**Exercise instructions**. Below is a listing; retype exactly the lines between the one containing "A little bee flies busily round and round" and the one containing "颁奖仪式上,分馆馆长张晓雁向", inclusive, minus the pictures.

**Material supplied**.
---

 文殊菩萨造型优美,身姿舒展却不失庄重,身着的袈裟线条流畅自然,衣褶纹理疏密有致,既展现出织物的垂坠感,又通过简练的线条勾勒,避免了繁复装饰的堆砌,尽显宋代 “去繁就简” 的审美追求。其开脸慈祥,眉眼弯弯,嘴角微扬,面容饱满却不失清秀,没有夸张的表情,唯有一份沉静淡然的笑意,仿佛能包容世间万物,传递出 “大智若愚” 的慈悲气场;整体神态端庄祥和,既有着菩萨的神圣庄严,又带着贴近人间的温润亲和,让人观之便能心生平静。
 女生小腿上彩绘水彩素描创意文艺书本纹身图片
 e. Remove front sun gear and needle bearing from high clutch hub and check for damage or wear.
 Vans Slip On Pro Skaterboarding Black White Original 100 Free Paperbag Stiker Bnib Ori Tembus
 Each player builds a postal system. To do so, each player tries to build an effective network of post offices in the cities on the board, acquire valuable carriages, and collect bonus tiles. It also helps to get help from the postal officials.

---

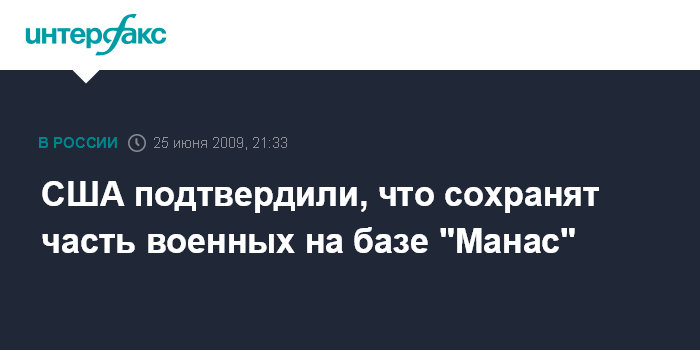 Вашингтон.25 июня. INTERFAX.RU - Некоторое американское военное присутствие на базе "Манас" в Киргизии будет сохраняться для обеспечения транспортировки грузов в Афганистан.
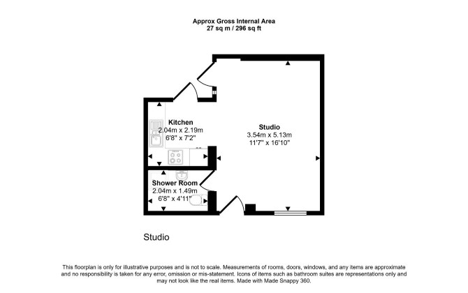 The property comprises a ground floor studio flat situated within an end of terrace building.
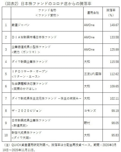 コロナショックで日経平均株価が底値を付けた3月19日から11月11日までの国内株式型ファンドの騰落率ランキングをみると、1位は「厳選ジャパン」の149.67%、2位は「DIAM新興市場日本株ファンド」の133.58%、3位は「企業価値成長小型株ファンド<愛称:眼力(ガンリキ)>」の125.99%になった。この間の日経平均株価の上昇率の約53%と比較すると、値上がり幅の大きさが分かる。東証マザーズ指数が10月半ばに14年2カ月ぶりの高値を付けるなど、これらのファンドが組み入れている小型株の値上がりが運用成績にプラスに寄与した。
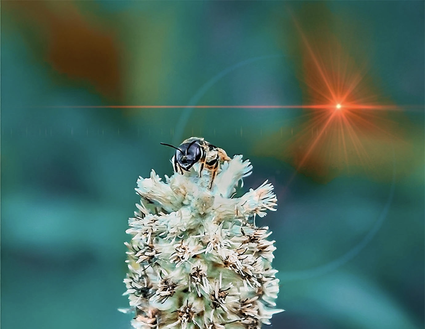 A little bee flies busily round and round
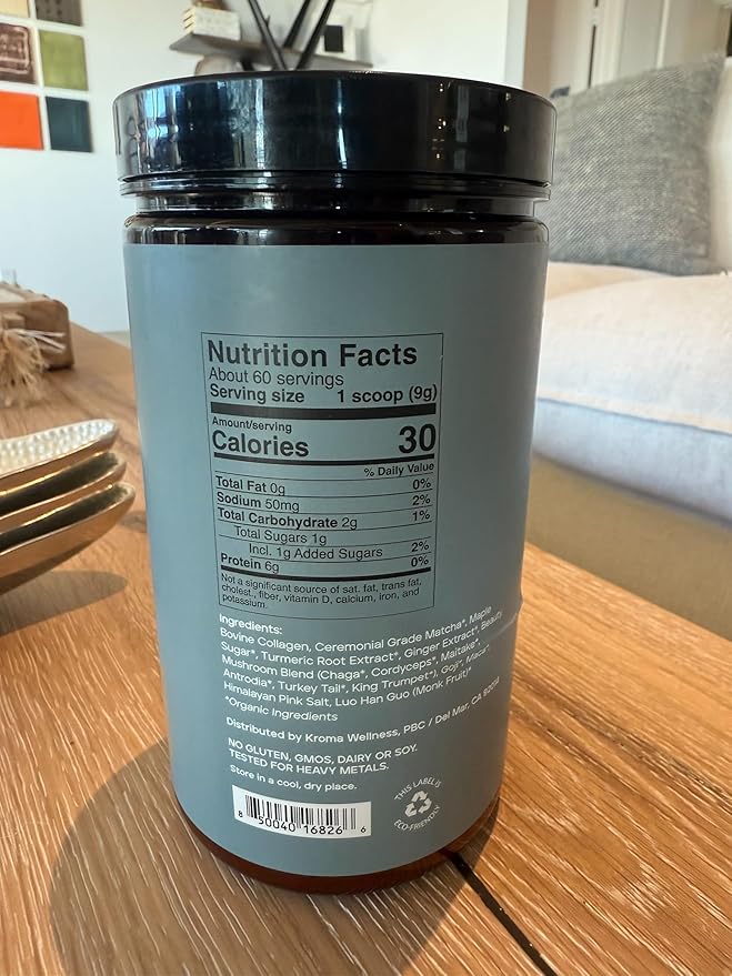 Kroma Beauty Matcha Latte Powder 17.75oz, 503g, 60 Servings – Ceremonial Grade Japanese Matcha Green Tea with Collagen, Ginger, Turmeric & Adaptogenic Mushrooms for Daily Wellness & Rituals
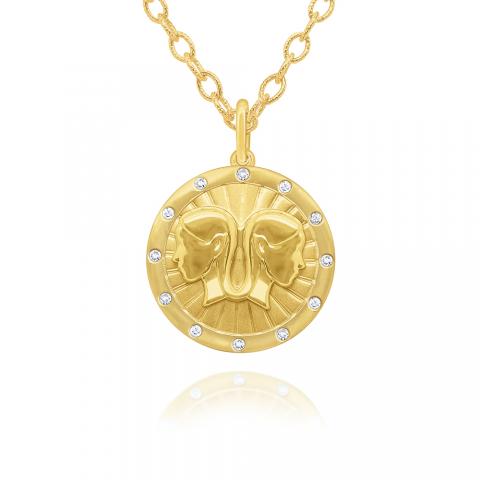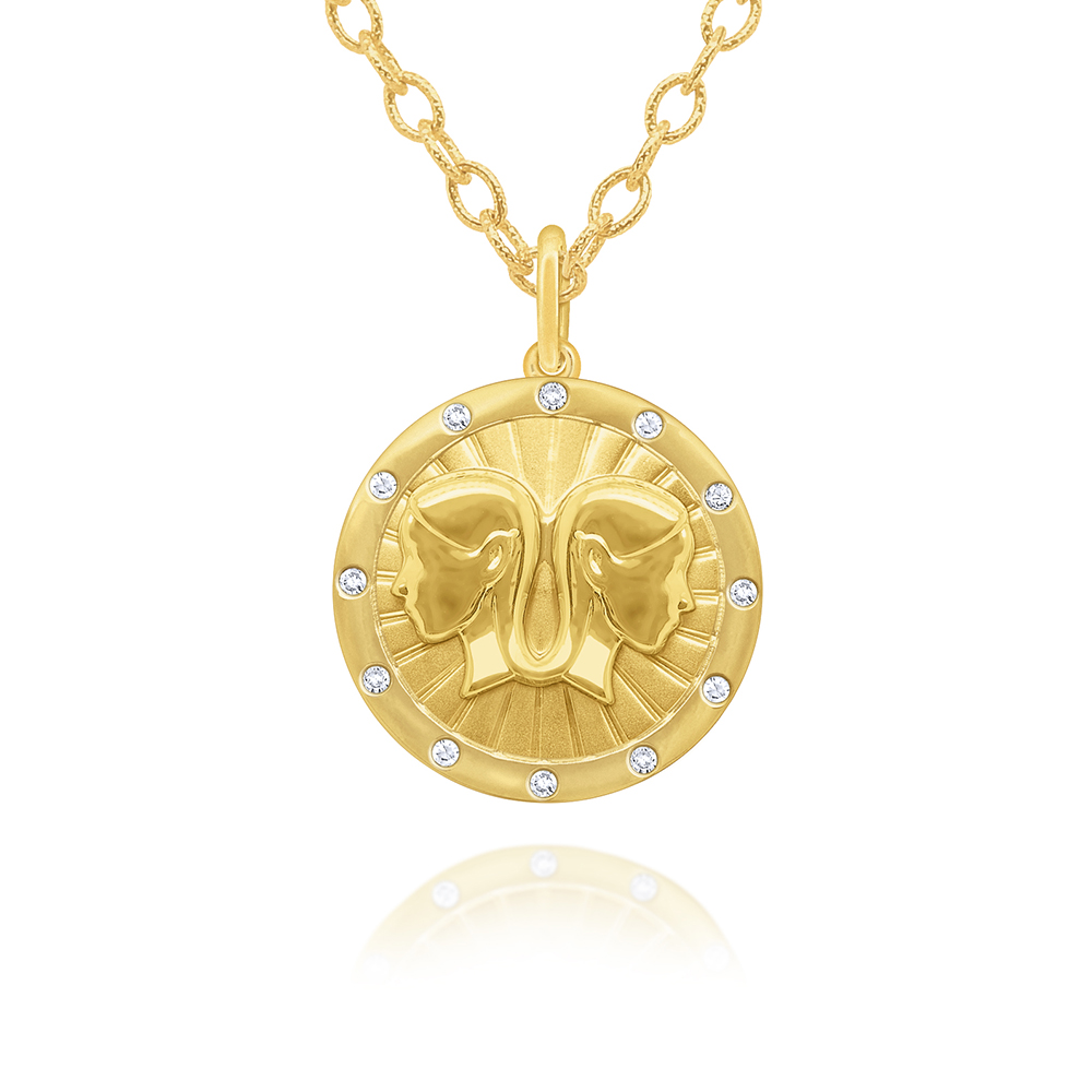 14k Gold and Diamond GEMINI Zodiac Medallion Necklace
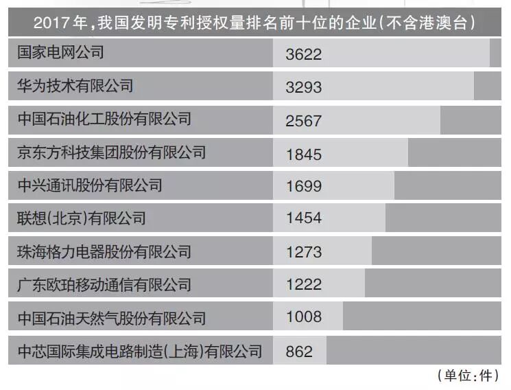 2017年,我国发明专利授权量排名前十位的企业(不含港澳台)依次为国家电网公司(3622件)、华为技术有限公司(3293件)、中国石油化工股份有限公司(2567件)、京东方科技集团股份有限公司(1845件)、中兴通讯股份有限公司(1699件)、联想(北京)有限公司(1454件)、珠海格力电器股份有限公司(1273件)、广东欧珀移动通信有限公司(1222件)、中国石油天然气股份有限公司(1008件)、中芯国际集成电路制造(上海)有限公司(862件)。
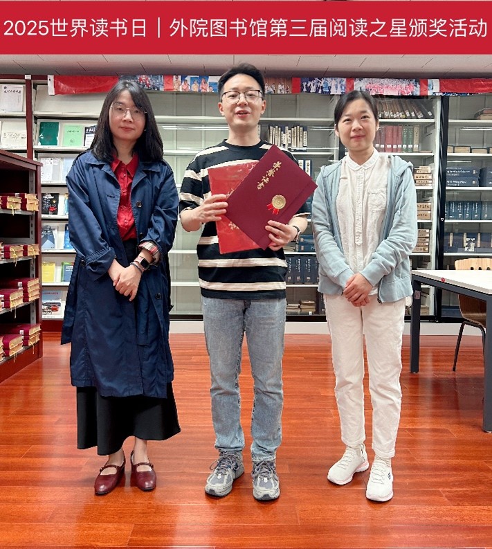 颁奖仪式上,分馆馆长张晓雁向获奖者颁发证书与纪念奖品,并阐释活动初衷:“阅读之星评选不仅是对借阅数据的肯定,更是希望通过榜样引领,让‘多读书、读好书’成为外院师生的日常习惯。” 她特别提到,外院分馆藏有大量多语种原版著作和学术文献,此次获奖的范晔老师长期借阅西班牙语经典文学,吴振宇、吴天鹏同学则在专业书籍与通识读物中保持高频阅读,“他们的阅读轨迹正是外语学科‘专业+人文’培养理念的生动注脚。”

---

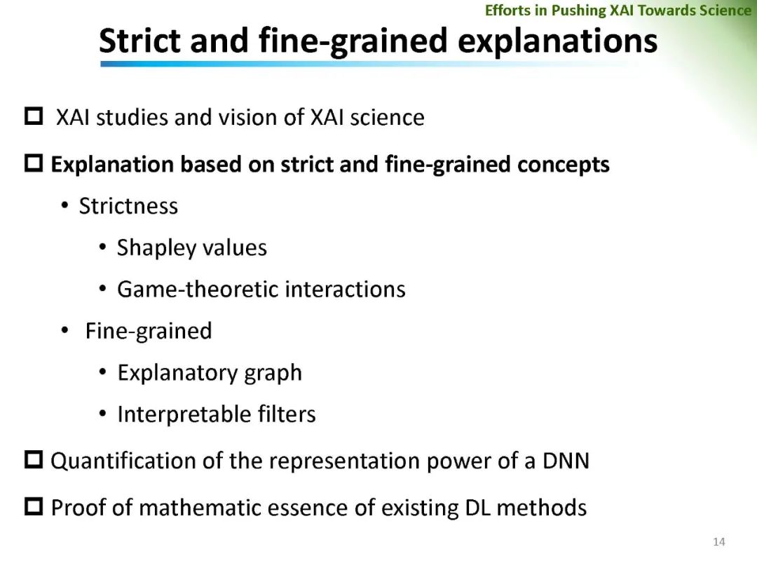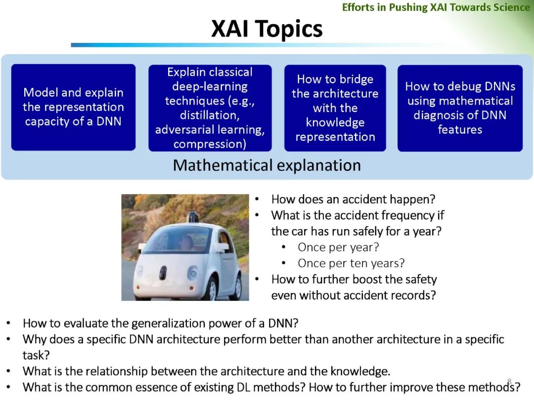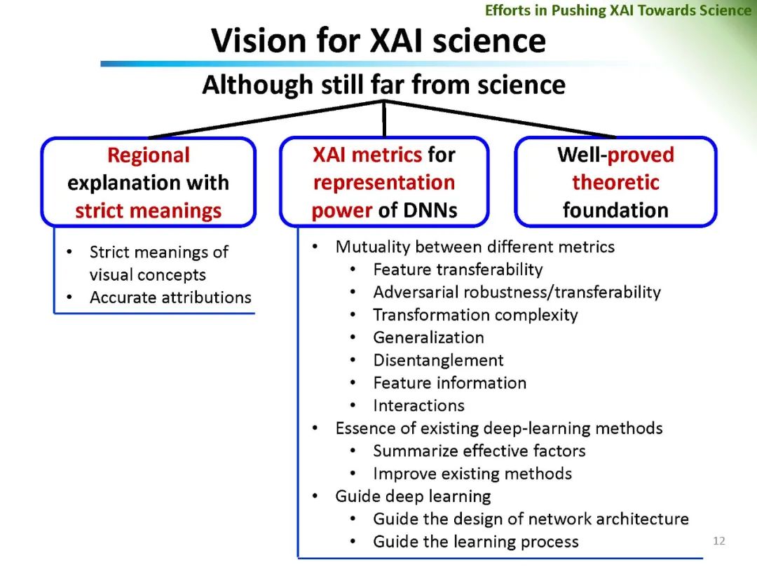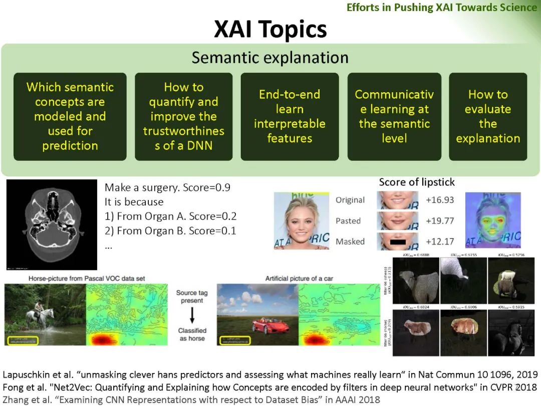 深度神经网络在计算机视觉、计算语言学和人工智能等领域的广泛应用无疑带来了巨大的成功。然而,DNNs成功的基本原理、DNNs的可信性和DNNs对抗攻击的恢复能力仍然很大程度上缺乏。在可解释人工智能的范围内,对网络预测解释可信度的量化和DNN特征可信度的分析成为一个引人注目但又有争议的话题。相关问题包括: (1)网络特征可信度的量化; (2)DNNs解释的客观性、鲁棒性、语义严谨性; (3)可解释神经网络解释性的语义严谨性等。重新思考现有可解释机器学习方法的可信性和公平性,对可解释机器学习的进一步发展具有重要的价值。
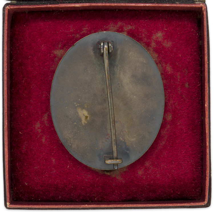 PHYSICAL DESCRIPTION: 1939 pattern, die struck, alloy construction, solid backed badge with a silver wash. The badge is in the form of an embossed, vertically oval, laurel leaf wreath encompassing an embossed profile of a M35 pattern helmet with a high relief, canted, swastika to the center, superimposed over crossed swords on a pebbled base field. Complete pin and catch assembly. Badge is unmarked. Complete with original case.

---

**Problem solution**.
 A little bee flies busily round and round
 Kroma Beauty Matcha Latte Powder 17.75oz, 503g, 60 Servings – Ceremonial Grade Japanese Matcha Green Tea with Collagen, Ginger, Turmeric & Adaptogenic Mushrooms for Daily Wellness & Rituals
 14k Gold and Diamond GEMINI Zodiac Medallion Necklace
 2017年,我国发明专利授权量排名前十位的企业(不含港澳台)依次为国家电网公司(3622件)、华为技术有限公司(3293件)、中国石油化工股份有限公司(2567件)、京东方科技集团股份有限公司(1845件)、中兴通讯股份有限公司(1699件)、联想(北京)有限公司(1454件)、珠海格力电器股份有限公司(1273件)、广东欧珀移动通信有限公司(1222件)、中国石油天然气股份有限公司(1008件)、中芯国际集成电路制造(上海)有限公司(862件)。
 颁奖仪式上,分馆馆长张晓雁向获奖者颁发证书与纪念奖品,并阐释活动初衷:“阅读之星评选不仅是对借阅数据的肯定,更是希望通过榜样引领,让‘多读书、读好书’成为外院师生的日常习惯。” 她特别提到,外院分馆藏有大量多语种原版著作和学术文献,此次获奖的范晔老师长期借阅西班牙语经典文学,吴振宇、吴天鹏同学则在专业书籍与通识读物中保持高频阅读,“他们的阅读轨迹正是外语学科‘专业+人文’培养理念的生动注脚。”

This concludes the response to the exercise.